14-3-3 protein biomarker cerebrospinal fluid rapidly progressive dementia

INTRODUCTION

Rapidly progressive dementia (RPD) is a cognitive disorder that progresses from an asymptomatic stage to dementia within several weeks to months [1, 2], and it can be triggered by neurodegenerative, autoimmune, infectious, and metabolic diseases. Creutzfeldt-Jakob disease (CJD), a fatal neurodegenerative disorder, is the prototypic diagnosis [3, 4]. It is necessary to differentiate between CJD and non-prion RPD to prevent potential iatrogenic spread and improve patient prognosis. Cerebrospinal fluid (CSF) markers, particularly the 14-3-3 protein, is a widely used biomarker for differential diagnosis.

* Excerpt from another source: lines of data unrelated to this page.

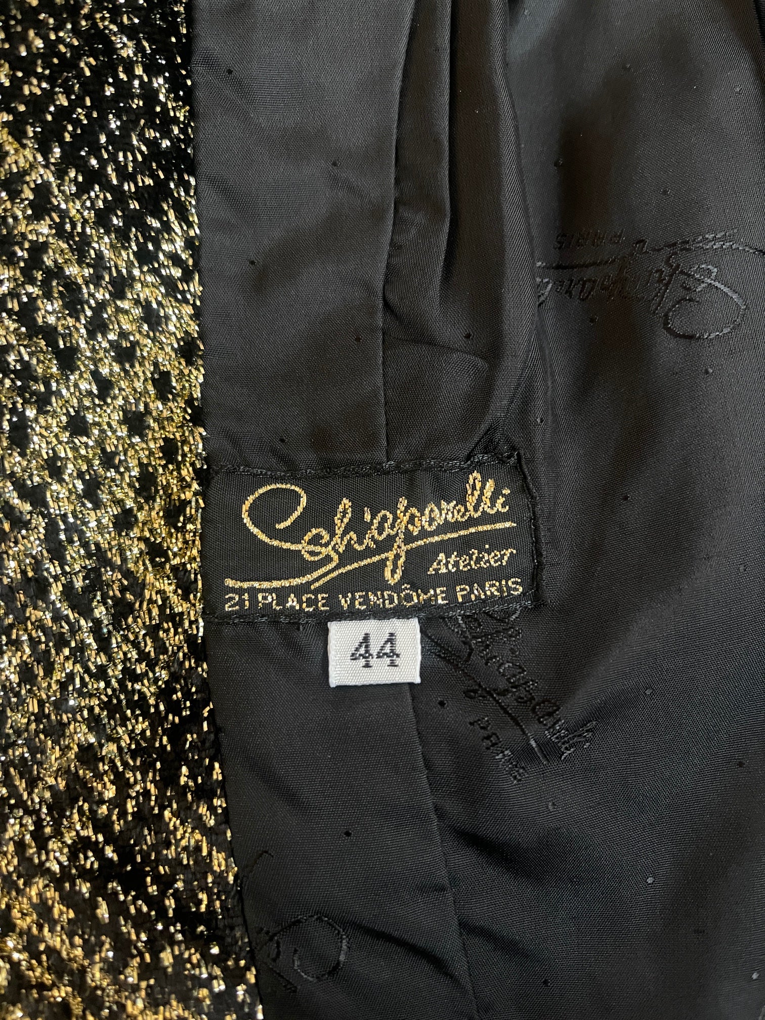 1980s Schiaparelli Black Chenille Velvet and Gold Lurex Jacket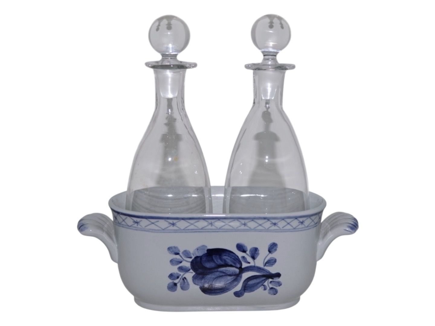 Aluminia Tranquebar, olie- og eddikeflaske i holder.Dekorationsnummer 11/1804.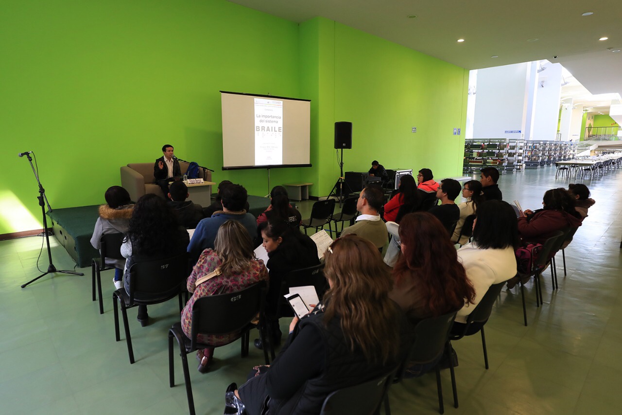 En la conferencia, el Mtro. Flavio Bernal Herrera, licenciado en Psicología de la Facultad de Estudios Superiores (FES) Zaragoza de la Universidad Nacional Autónoma de México (UNAM), expuso en qué consiste el sistema braille, las herramientas y el proceso para traducir textos del papel al lenguaje que se realiza con punzón y regleta, lo que permite acceder a materiales educativos y de literatura en general a las personas con discapacidad.
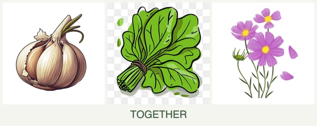 Pest Repellent Properties: Garlic acts as a natural pest deterrent, helping protect spinach and cosmos from pests like aphids and spider mites.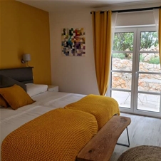 Na voljo je skupno 11 dvoposteljnih in 2 enoposteljni sobi. V prvem nadstropju je 5 sob s francoskimi okni in skupno teraso s pogledom na morje ter 1 soba z balkonom.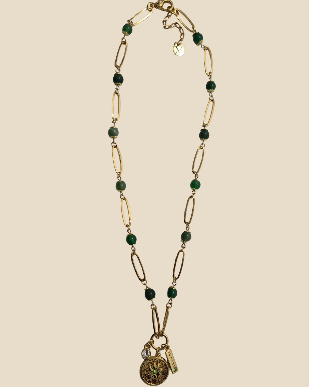Colar com elos dourados e cristais redondos e pingentes diversos. Fecho e moeda da marca dourados. Design exclusivo.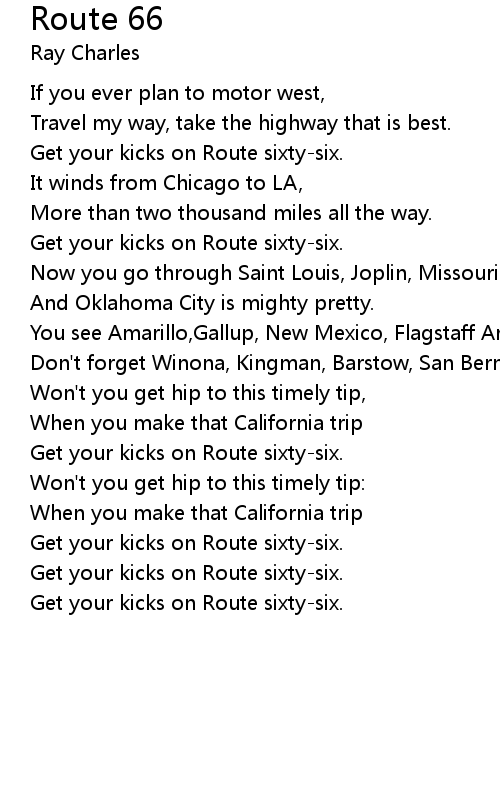 Get your kicks on Route sixty-six. |

The 14-3-3 protein is abundantly expressed in the brain and is important for signaling pathways, and cellular growth and apoptosis [5, 6]. It is released into the CSF in response to acute neuronal injury [7, 8] and is considered a reliable surrogate marker of CJD and was included in WHO diagnostic criteria [9 –12]. However, the CSF 14-3-3 protein has been detected in non-prion diseases such as infectious or autoimmune encephalitis, and the specificity was relatively lower (40% –92%) [5 , 13–17]. Furthermore, the sensitivity is relatively lower in Asian cohorts compared to those of the other regions [18 –20]. All these reasons challenge the diagnostic value of CSF 14-3-3 protein. Previous studies have identified some factors that might influence the 14-3-3 results in CJD, such as codon 129 genotype, PrP^Sc type and disease duration [21]. But, hitherto, no study investigated the influencing factors of 14-3-3 protein in non-prion cases. Therefore, it is still unclear whether there is a relationship between CSF 14-3-3 protein and clinical features in the non-prion RPD group.

To this end, our objective was to explore the general distribution of underlying diseases in non-prion RPD positive for the CSF 14-3-3 test and investigate the association between clinical features and positive CSF 14-3-3 in non-prion RPD patients.

METHODS

Ethics statement

This study was approved by the ethics committee of Xuanwu Hospital, Capital Medical University. Written informed consent was provided by all participants and/or their legal next of kin.

Participants

Participants were referred to the Department of Neurology, Xuanwu Hospital, Capital Medical University from 2010 to April 2019. We adopt the generally accepted definition that the interval from the first symptom to dementia onset is measured in weeks or months, with the patients with RPD progressing from independence to complete (or nearly complete) dependence within 1 to 2 years [22]. The patients who were diagnosed with definite and probable prion diseases according to World Health Organization (WHO) criteria at both baseline and follow-up, and who did not undergo CSF 14-3-3 test were excluded [23]. All included patients were followed up for 2 years or until death and the patients who were lost to follow-up were also excluded. Accordingly, 150 patients were enrolled, and the flow chart is shown in Fig. 1.

Fig. 1

Flow diagram of patient enrollment.

The patients included were divided into neurodegenerative diseases, autoimmune encephalitis, infectious diseases, central nervous system (CNS) neoplasms or paraneoplastic diseases, cerebrovascular disease, inherited metabolic diseases, hypoxic-ischemic encephalopathy, and unknown etiologies. Alzheimer’s disease (AD) was diagnosed according to the criteria of the National Institute on Aging and Alzheimer’s Association (NIA-AA), and only A+T+(N)+ cases were enrolled [24]. Frontotemporal degeneration, dementia with Lewy bodies, progressive supranuclear palsy, and corticobasal degeneration were diagnosed mainly based on clinical features, neuroimaging examinations, and reasonable exclusion of alternative causes according to the relevant criteria [25 –28]. Autoimmune encephalitis was diagnosed as per the criteria established by Graus et al. [29]. Definite autoimmune encephalitis must find related neuronal antibodies. The National Institute of Neurological and Communicative Disorders and the Stroke Association criteria were used to define vascular dementia [30]. Infectious or neoplastic-related diseases must detect relevant microbiological biomarkers or tumor cells. Inherited metabolic disease should detect relative gene mutations. Hypoxic-ischemic and toxic encephalopathy should have a specific history of hypoxia or toxic exposure apart from relative clinical features and auxiliary examinations.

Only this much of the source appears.